La glorieta del Emperador Carlos V se abre ante ellos. La estación de Atocha queda a la derecha, completamente abandonada, siniestramente oscura. El monumento en honor a los caídos del 11-M permanece en pie, majestuoso, recordando la tragedia que vivió Madrid y toda España. Ojalá la ciudad levante algún día otro en honor de todos los caídos víctimas del virus A-24.

En el interior de la estación pueden apreciarse cientos de sombras deambular de un lado a otro, recordando el enorme tránsito de pasajeros que no hace mucho albergaba una de las mayores terminales de viajeros de este país. Lo único, que ahora no tienen un destino. Tienen hambre.

Ya se encuentran en la zona de conflicto.

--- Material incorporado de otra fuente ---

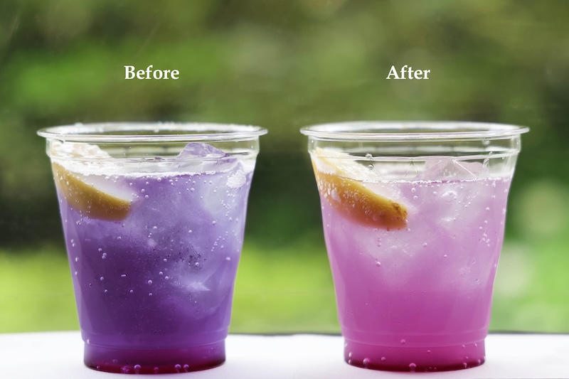 「あじさいレモネード」は、ご提供時は青紫色でレモネードベースを入れ酸性になることで赤紫色になるので、あじさいの反応とは逆ですが、
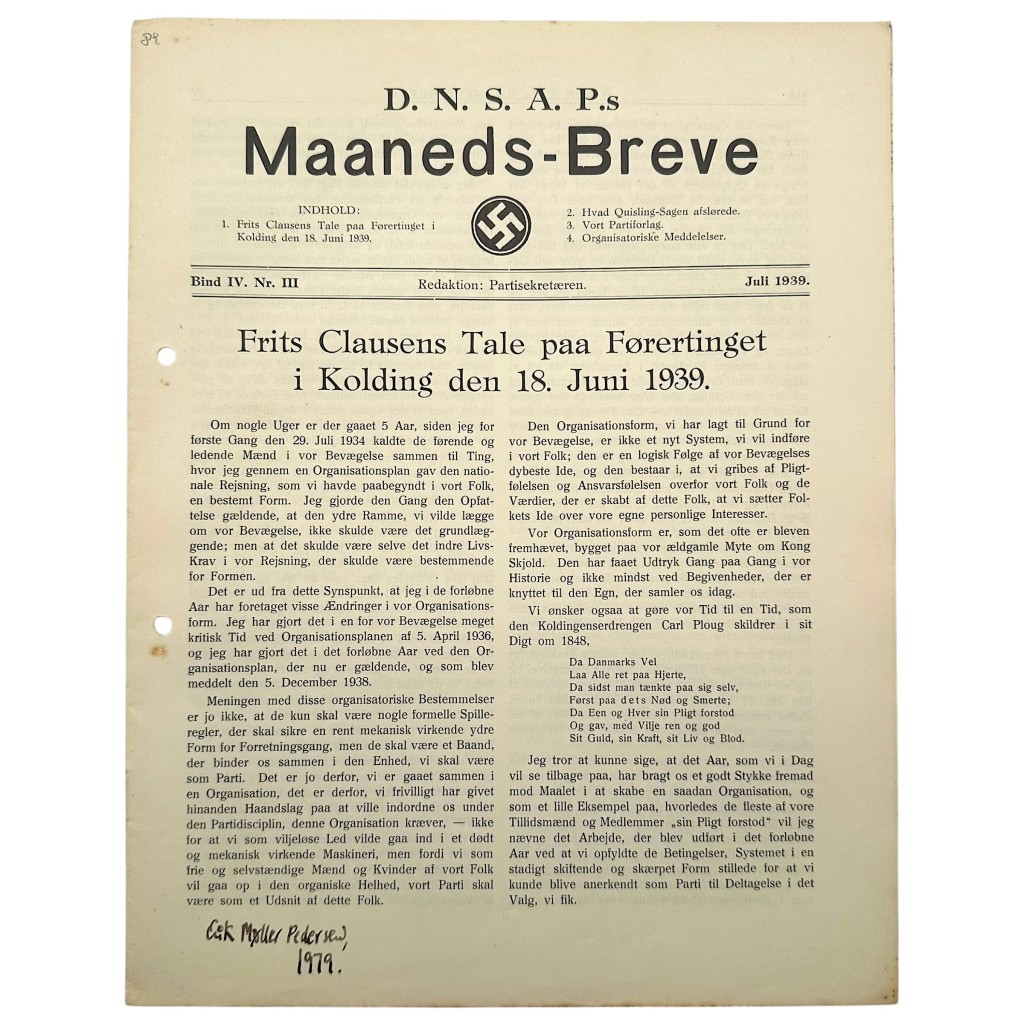 Original example of “D.N.S.A.P.s Maaneds-Breve”, Bind IV, No. III, dated July 1939, issued by the headquarters of the Danmarks Nationalsocialistiske Arbejderparti (DNSAP).

A partir de ahora, toca salir al exterior por la escotilla y permanecer atentos, en lo alto del tanque, a cualquier movimiento tanto de vivos como de los muertos.

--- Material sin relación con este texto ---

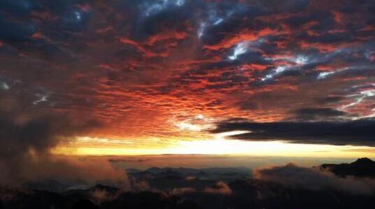 四川二郎山现火烧云日出景观 美到窒息
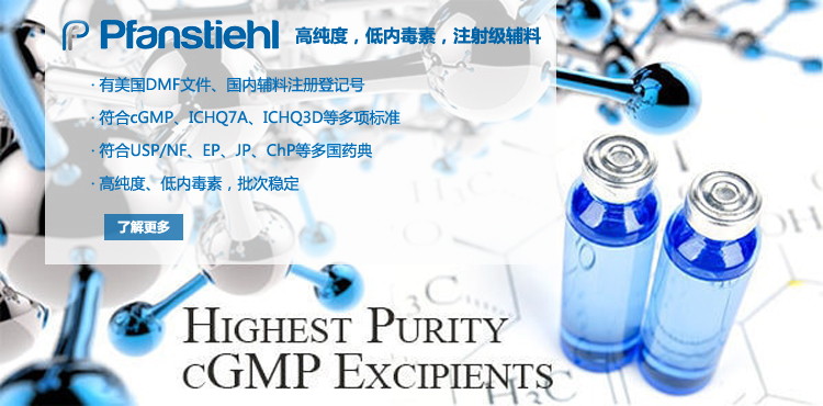“熱烈祝賀Pfanstiehl的注射級甘氨酸Glycine(G-140)喜獲CDE登記號F20250000403, 這是Pfanstiehl產品獲得的第18個CDE登記號!”甘氨酸在醫藥輔料制劑中應用廣泛,, 可作為緩沖劑,增溶劑,穩定劑等,具有諸多優勢。Pfanstiehl秉承一貫高品質理念,為滿足全球生物制藥行業對于高品質甘氨酸的需求,隆重推出的注射級甘氨酸Glycine (G-140), 具有超高純度,超低內毒素,超低金屬殘留的特點,單獨檢測29種金屬離子,并且新增DNA,RNA,DNA酶,RNA酶和脂肪酶,亞硝酸鹽等多項質量指標的檢測,符合多國藥典規定(USP, EP, BP, JPE, ChP),可用于生物治療性藥物和疫苗的生產。產品信息:· 產品名稱:Glycine, High Purity, Low Endotoxin, Low Metals, USP, EP, BP, JPE, ChP (G-140)· 中文名稱:甘氨酸· 分子式:C2H5NO2· 分子量:75.07 g / mol· CAS號:56-40-6· 產品貨號:G-140產品特點: · 超高純度,超低內毒素,超低微生物含量,超低金屬雜質殘留· 質量指標新增DNA,RNA,DNA酶,RNA酶,脂肪酶和亞硝酸鹽檢測· 符合多國藥典:USP, EP, BP, JPE, ChP· 符合ICH Q3D標準· 符合GMP標準· 已獲DMF和CDE登記號 產品應用:· 緩沖劑· 穩定劑· 增溶劑如果您對Pfanstiehl注射級別Glycine G-140感興趣,歡迎聯系Pfanstiehl 中國區代理商北京西美杰科技有限公司獲得如下詳細的產品概況說明文件和測試樣品。Pfanstiehl Inc.最新產品系列如下,歡迎聯系北京西美杰科技有限公司獲取100g裝免費樣品。北京西美杰科技有限公司為Pfanstiehl中國代理,為客戶提供完善的技術支持與售后服務。歡迎撥打西美杰客服電話400-050-4006或者登陸網站www_xmjsci_com.delai021.com.cn了解更多信息。 更多>

El Teniente Salvatierra recorre los edificios con sus prismáticos, alerta a cualquier señal que muestre evidencias de vida.

—Permaneced atentos a cualquier movimiento que apreciéis —ordena Iker.

El equipo continúa la marcha muy lentamente observando todo al detalle, ya que las casas, los coches y las calles son puntos calientes donde no se puede desviar la atención.

—Teniente, mire allá arriba, en aquel edificio —comenta uno de los soldados.

Iker alza sus prismáticos hacia la dirección donde señala su compañero, enseguida comprende lo que ha llamado su atención.

En una de las terrazas de la tercera planta, en el número 35 de la avenida Ciudad de Barcelona, se divisa una pancarta que pone «S.O.S» pintado sobre una sábana blanca.

—No sé si la gente que escribió ese mensaje aún permanece con vida, pero desde luego tenemos que averiguarlo —indica Iker—. Dejemos el Leopard lo más cerca posible y subamos.

El tanque para en la misma puerta. La avenida parece tranquila. Se divisan varios cuerpos al fondo de la calle, andan hacia el lado contrario de donde se encuentran los soldados, quizá no les han escuchado, aunque el blindado hace un característico y sonoro ruido.

Una vez comprobado que todo está despejado, uno a uno van bajando del tanque para agacharse bajo la protección del blindaje del mismo. Apenas hacen un solo ruido, los gestos aprendidos en años de formación militar les permiten comunicarse sin articular una sola palabra.

El portal está abierto; desde luego, no es una señal alentadora para el grupo, ya que cualquiera de esos bichos ha podido entrar dentro y encontrarse aún en el edificio.

Iker lanza una señal con su brazo para dar orden a cuatro de sus hombres para que avancen y se coloquen a los lados del portal. Los otros dos soldados permanecerán en el tanque vigilando la zona por si surgiera cualquier complicación, y en caso de emergencia, salir lo más rápidamente posible del lugar.

Otro gesto de Iker mueve a Aitor hacia el interior del portal alumbrando la escalera para confirmar que todo está despejado. Este utiliza el código Morse con la linterna para indicar al teniente que todo está en orden y que pueden comenzar a subir.

Todos entran, seguidos de Iker, que deja la puerta del portal entornada para evitar que alguien más se pueda unir a la expedición.

Oscura la escalera, sangre en las paredes, la linterna se desliza por la profunda oscuridad del miedo.